Above is my quick and dirty comparison of the coming fight over foreign assistance. In green is the amount already spent in 2010 on each of the discreet line items (I’ve chosen these four areas because they were directly comparable between the various proposed appropriations).
Here’s how to read the graph: The actual amount spent in 2010 by the USG on each line item is in green. In red is the amount Republicans want to cut back to for the remainder of FY2011, expiring on 30 September. And in blue is what the White House would like to spend in FY2012’s budget proposal.
Now, I understand that there’s a conversation to be had about fixing how we spend foreign assistance and what we should receive back from it. But this is a more basic philosophical disagreement about whether or not America should be a world leader, or whether we should disengage from the rest of the world. After all, at its best, foreign assistance buys soft power, something that has been in relatively short supply of late.
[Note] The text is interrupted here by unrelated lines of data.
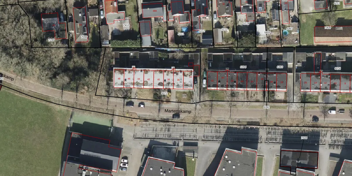Martenskamp 36 is gelegen op kadastraal perceel OTW02A6072. Deze kadastrale aanduiding is uniek en wordt gebruikt door het Kadaster om eigendomsrechten en andere zakelijke rechten vast te leggen. Het perceel maakt onderdeel uit van de kadastrale gemeente Oosterwolde.
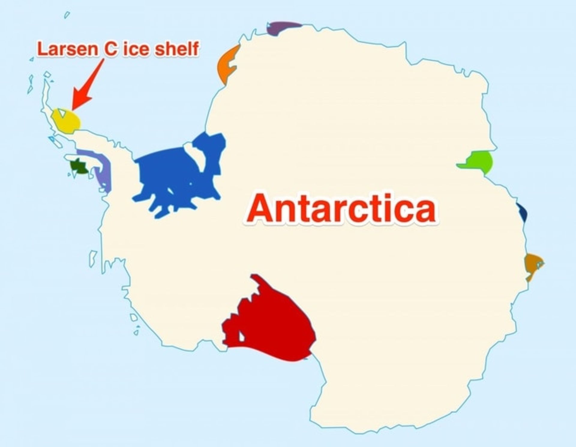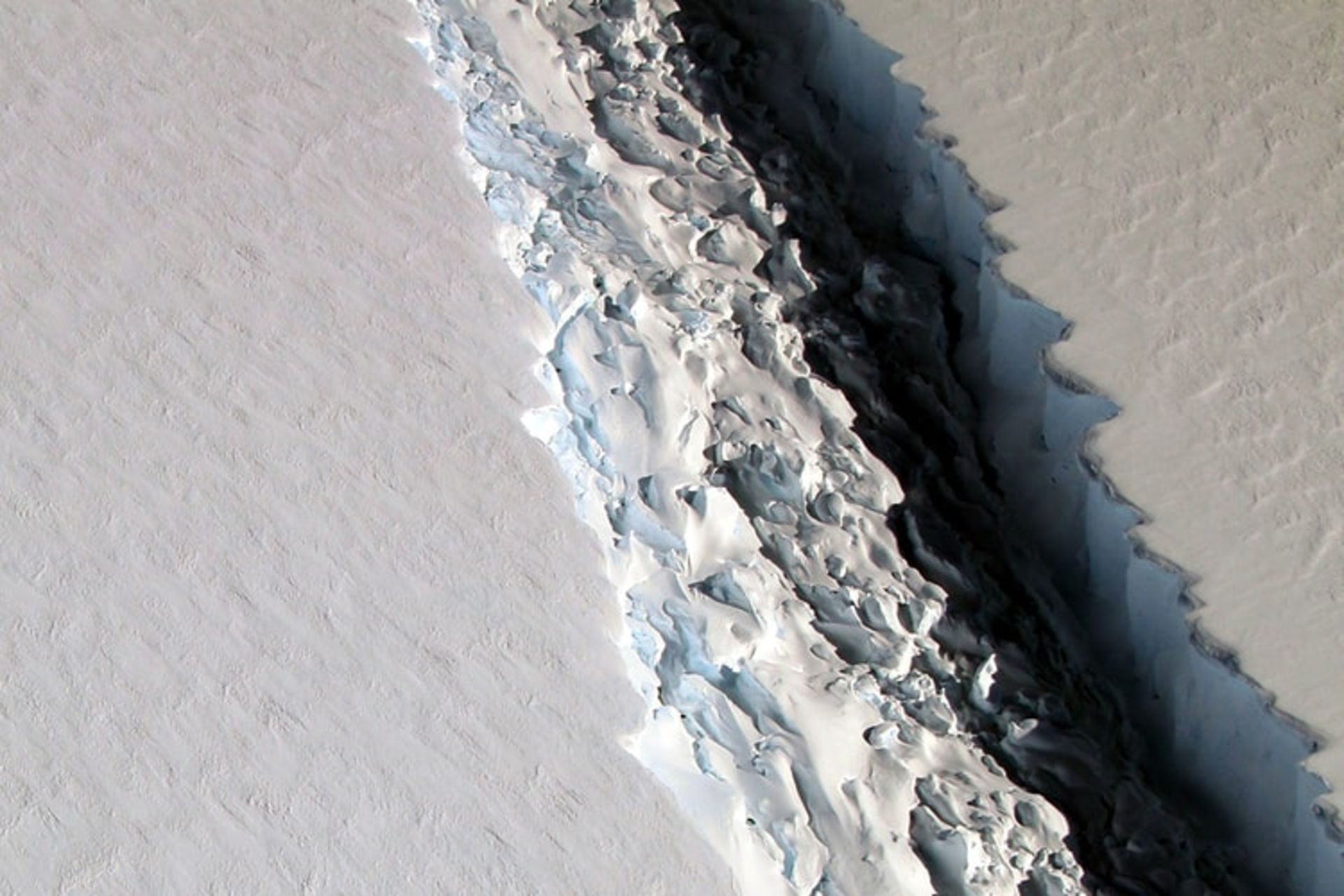 شکافی که در یخچال لارسن سی قطب جنوب به وجود آمده است، مساحتی بهاندازهی ایالت دلاور در آمریکا و حجمی برابر دریاچهی میشیگان دارد. این شکاف باعث شده است تا این کوه یخی جدا شود.
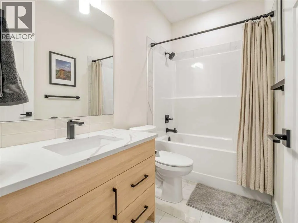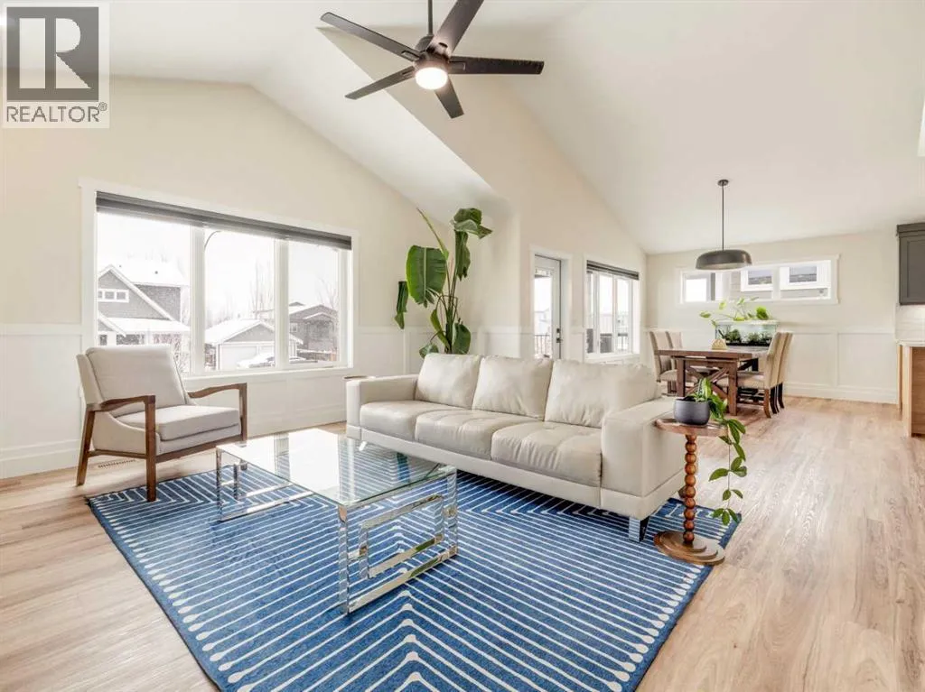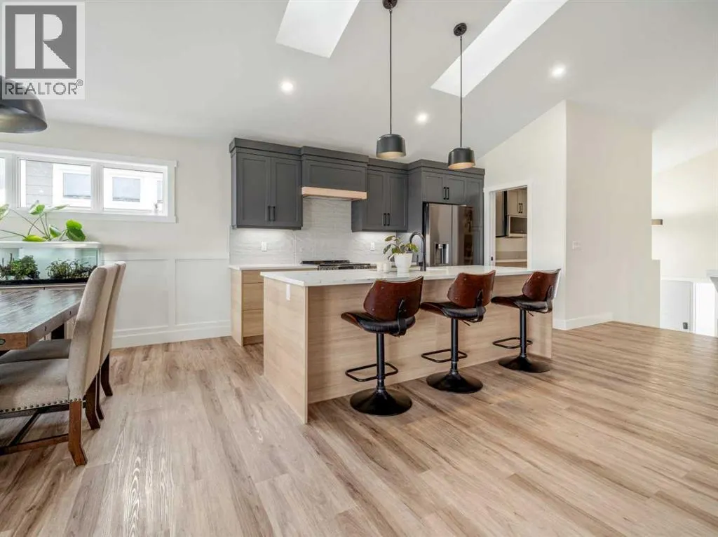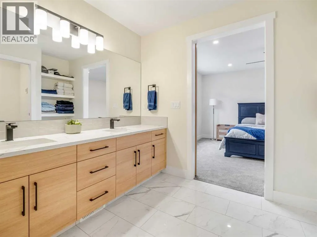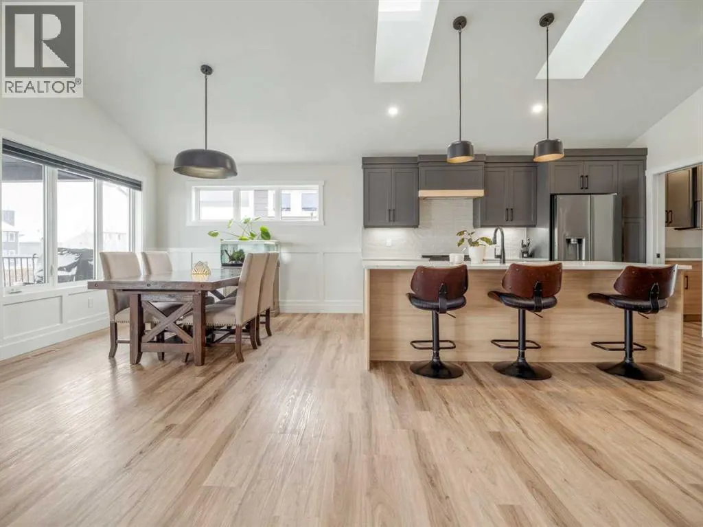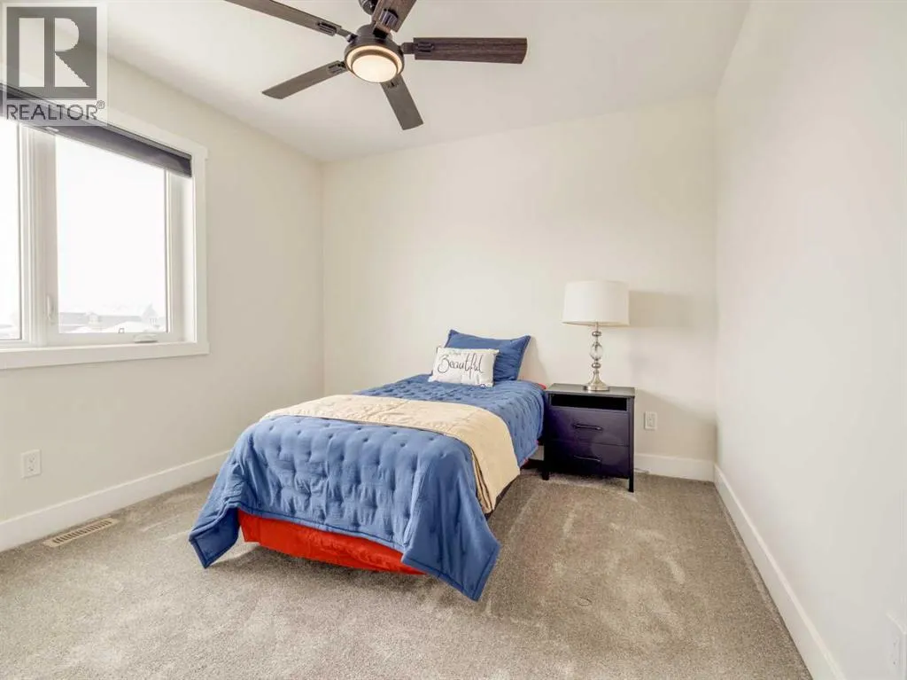 Incredible 2 year old large modified bi-level home in Cottonwood Estates originally built by Grizzly Ridge Developments! This 5 bed, 3.5 bath home has hardiplank exterior siding with stone accents, and a MASSIVE concrete front driveway that fits 6 vehicles! Heated garage is also a 26x29 and easily fits 2 more vehicles. Large welcoming entry. A half staircase to main floor showcases a large vaulted ceiling and vinyl plank flooring. Kitchen has upper grey upper cabinets, and lower lighter wood pattern. Kitchen has quartz counters, stainless steel appliances, and butler pantry with more cabinets and counterspace. Dining room is a good size and has large window and door to covered deck out back with gas line and water tap. Living room has custom built-in shelving and cabinets with gas fireplace and mantle centered on a feature wall with shiplap design. Main floor also has primary bedroom with ensuite that features double sinks, large tiled walk-in shower, separate toilet room, and walk-in closet with laundry machines. There is also another 2 piece bathroom on the main. Upper level above garage features a large bonus room with big hall closet, 2 big bedrooms, and a full bathroom with tub/shower combo. Walk-Out Basement with 9 foot ceilings is fully developed with wet bar featuring space for a full size fridge, family room with feature floor to ceiling stone wall surrounding the gas fireplace, and closet and door to covered patio out back. There are also 2 more large bedrooms each with their own walk-in closet, a full bathroom with tub/shower combo, and a laundry room(currently being used as a small office) with counter and cabinets. Yard is fenced and landscaped with a nice shed. Home has conveniences of central a/c and tankless hot water! This home is turn-key ready to move in and enjoy! (id:27476)

In light of that, it’s worth keeping in mind this quote from Joe Nye’s new book, The Future Power:
In general, the United States has not worked out an integrated plan for combining hard and soft power….Many official instruments of soft power – public diplomacy, broadcasting, exchange programs, development assistance, disaster relief, military-to-military contracts – are scattered around the government, and there is no overarching strategy or budget that even tries to integrate them with hard power into an overarching smart power strategy. The United States spends about five hundred times more on the military than it does on broadcasting and exchanges.